Posts Tagged “design”

A frequent problem I observe when reviewing system designs is they are built atop one or more libraries, frameworks or products that are poorly suited to the intended task. Fitting the design to these underpinnings warps it in undesirable ways incurring all sorts of costs:

  • It takes an increasing number of staff just to deploy and run the system.
  • Customers face an increasingly bad experience in terms of interaction, performance and stability.
  • One spends more time refactoring than developing new features – although in many cases developers will simply not bother with this effort which accelerates the drop in quality for customers.
  • The level of coupling increases impacting the integrity of the design and making future change more difficult.

I call this the “design-by-product anti-pattern”. There are a couple of things that cause it to manifest:

  1. Absence of a real design prior to product/framework/library selection – most of those given the remit for design cannot construct proper abstractions that are adequately divorced from implementation. That is they do not understand the core entities and operations that exist within the domain they are building a system for. Thus when products/libraries/frameworks are selected there is limited structure to assist in evaluating their appropriateness.
  2. These products are used because they are on the list of “company approved technologies”. The justification for the existence of such a list is that it “reduces cost” which it might well do if all one accounts for is licenses and product support. Unfortunately, the cost equation is not nearly so simple (see above re: costs).
  3. A related problem to “company approved technologies” is hot or favourite technologies preferred by the development team regardless of their appropriateness for use in any particular design situation.

Any product/library/framework is created by an individual who has their own view of how their customers design their systems and builds APIs accordingly. In the worst cases these individuals design APIs in total isolation, focused on making them theoretically perfect (for some definition of perfect). If we as customers create designs that do not align well with the views of these individuals, the result will be costly as we force the two designs together. The cost is magnified for each additional conflicting product/library/framework design.

Loose coupling as the result of proper definition of roles and responsibilities is the only tool we have to allow for future design evolution. Poor selection of products/libraries/frameworks erodes this property and should be avoided otherwise death-march awaits.

Comments Comments Off

There are some design basics that development teams routinely fail to account for:

  1. Roles
  2. Responsibilities
  3. Coupling

Role

The basic justification for the existence of some api, interface or class. A summary of what it’s for. Just as importantly, the role defines what a particular entity is not for.

Responsibility

The things that some entity can do/knows in support of a role.

Coupling

An expression of the dependencies between roles. This property tells us a lot about the state of our design.

Two things that are heavily dependent upon each other might well be serving individual parts of a single role and thus should be consolidated. If everything ends up in a single role, it can suggest that the current approach to classifying behaviours is missing some factors.

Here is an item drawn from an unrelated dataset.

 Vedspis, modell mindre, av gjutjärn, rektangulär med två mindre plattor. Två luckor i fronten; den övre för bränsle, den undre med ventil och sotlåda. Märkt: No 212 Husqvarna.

Coupling can be temporal such that, for example, one entity cannot dispatch its responsibilities without the presence of another at the same time. This might indicate the need for some work on handling availability issues in a distributed system.

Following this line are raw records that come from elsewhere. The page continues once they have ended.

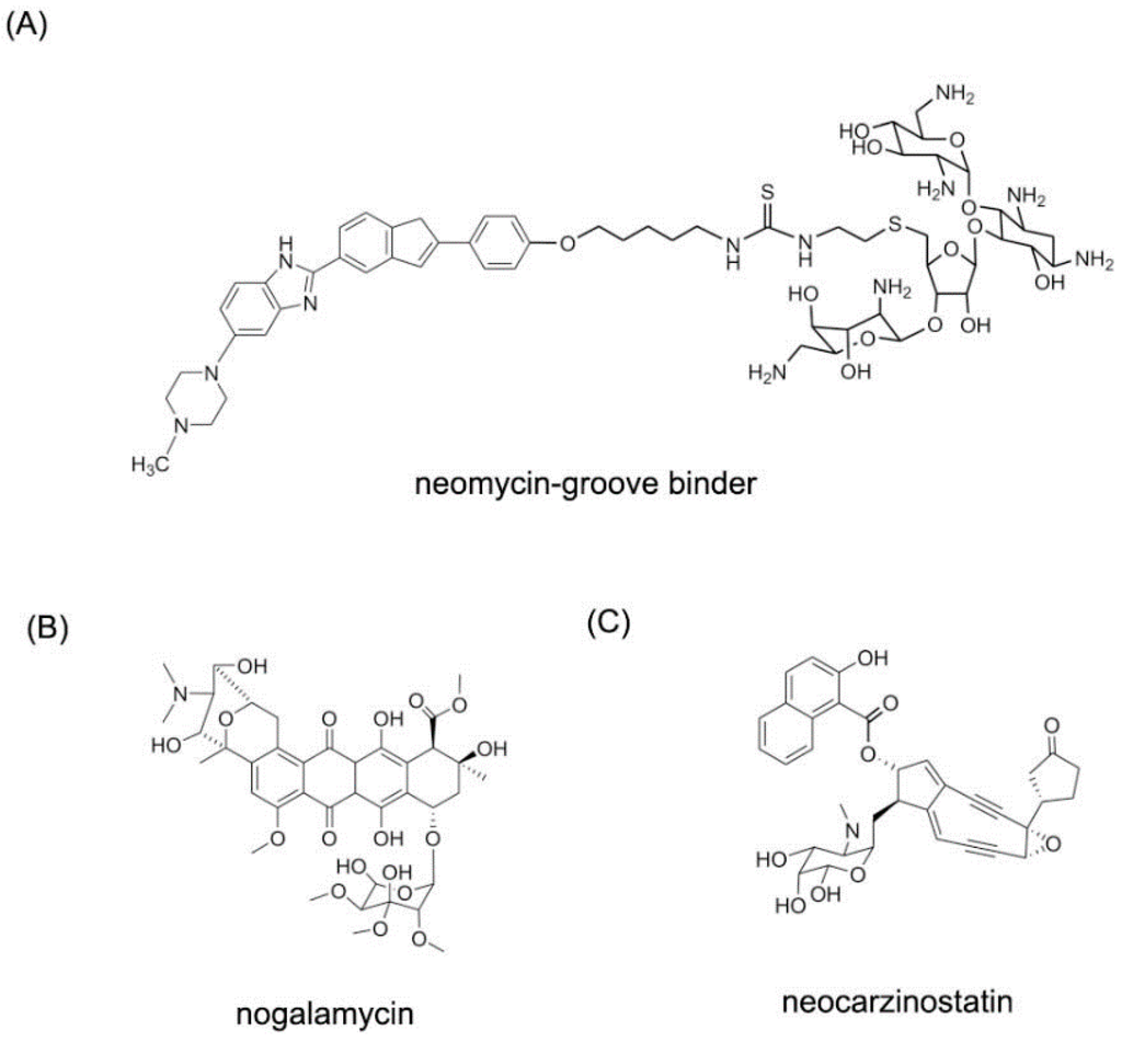 - Gao, X.; Stassinopoulos, A.; Ji, J.; Kwon, Y.; Bare, S.; Goldberg, I.H. Induced formation of a DNA bulge structure by a molecular wedge ligand-postactivated neocarzinostatin chromophore. Biochemistry 2002, 41, 5131–5143. [Google Scholar] [CrossRef] [PubMed]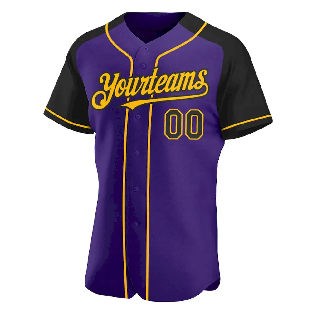 Custom Purple Black-Gold Authentic Raglan Sleeves Baseball Jersey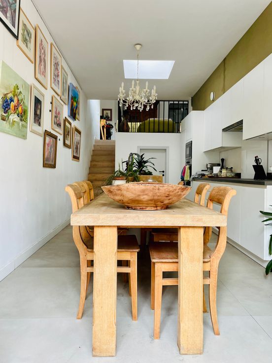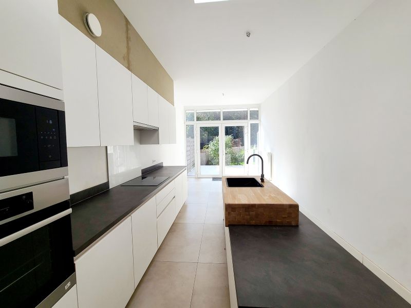 Beschikt over een ruime living en een heel ruime keuken met uitzicht op het grote terras en de tuin via panoramische terrasdeuren.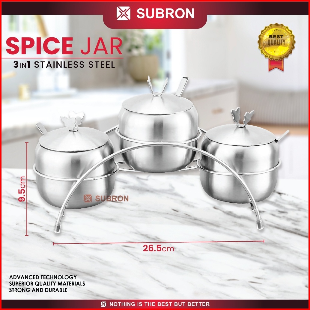 Subron Tempat Peyimpan Bumbu 3in1 350ml Set Rak Dan Sendok Stainless Wadah Storage Garam Gula Kopi Seasoning Jar Multifu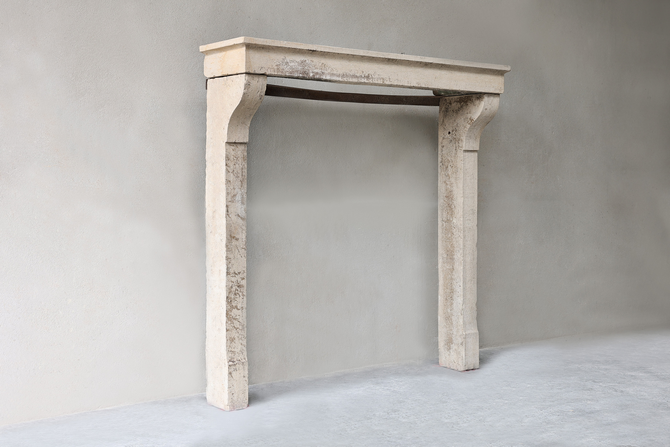 Beautiful antique French limestone fireplace from the 19th century! A mantelpiece with a calm appearance and beautiful warm color scheme. This antique mantel is compact and simple and a valuable piece of furniture for any interior!

Limited coupling is a sign of cohesion, clarity in roles and responsibilities which can be indicative of a clean, maintainable design.

Platform Neutral

These basics apply regardless of the platform one chooses to develop upon. Roles, responsibilities and coupling apply just as well to service architectures, databases (tables and associated triggers and packages) and applications in Java, Scala, Clojure, C# or any other programming environment.

Warning Signs

It is very common for individual developers or development teams to allocate additional functions to existing elements of a design unthinkingly, thus eroding its quality. This manifests in many ways including:

  1. Some element of the system becomes the source of all information in respect of e.g. configuration or the entirety of customer data.
  2. A single cache contains all data regardless of its nature (e.g. customer, account details, market price).
  3. Some element of the system must always be running otherwise nothing else works.
  4. Some element of the system has functions that span many different bits of data (e.g. customer, account, market price).

Rule of Thumb

Any entity within a system should do only one thing and it should do it well (often credited as Unix Philosophy). This applies to everything from applications and products to services and individual classes.

Comments Comments Off

Design is not rules, it’s not patterns, it’s not technological choices or indeed code. Design is tradeoffs, driven by data where possible and gut instinct. It’s about identifying the core challenges of a problem domain (which might ultimately be one or many systems) and addressing them through creation of appropriate abstractions. These abstractions embody:

  • Functions to be performed
  • Data to be discovered, consumed and produced
  • Non-functionals (e.g. SLAs)

The abstractions are then rendered into the real-world using appropriate hardware, technologies, patterns and languages. A good design:

  • Exhibits few exception cases
  • Has logic and/or data located neatly and predictably
  • Applies a small set of core constructs repeatedly
  • Addresses operational needs
  • Considers cost versus value delivered
  • Is as simple as possible
  • Has the minimum of implementation assumption

There are several key failing points in the design process:

  • No adjustment in the face of implementation feedback – No design is complete or perfect. There will always be missed details leading to brittle code, complex corner cases or convoluted solutions. It is critical that we monitor our progress and adapt the design accordingly.
  • No up front design – Design is the skeleton upon which we hang technology choices and code structure. In it’s absence we rapidly descend into a world of difficult to navigate code and costly constraints set by uninformed product choices.
  • No care in following the design – A key element of design is to place the right things in the right places. Failing to do this at code time increases coupling, makes maintenance difficult and can impact both performance and scalability. Similar effects occur as the result of poor technology selection.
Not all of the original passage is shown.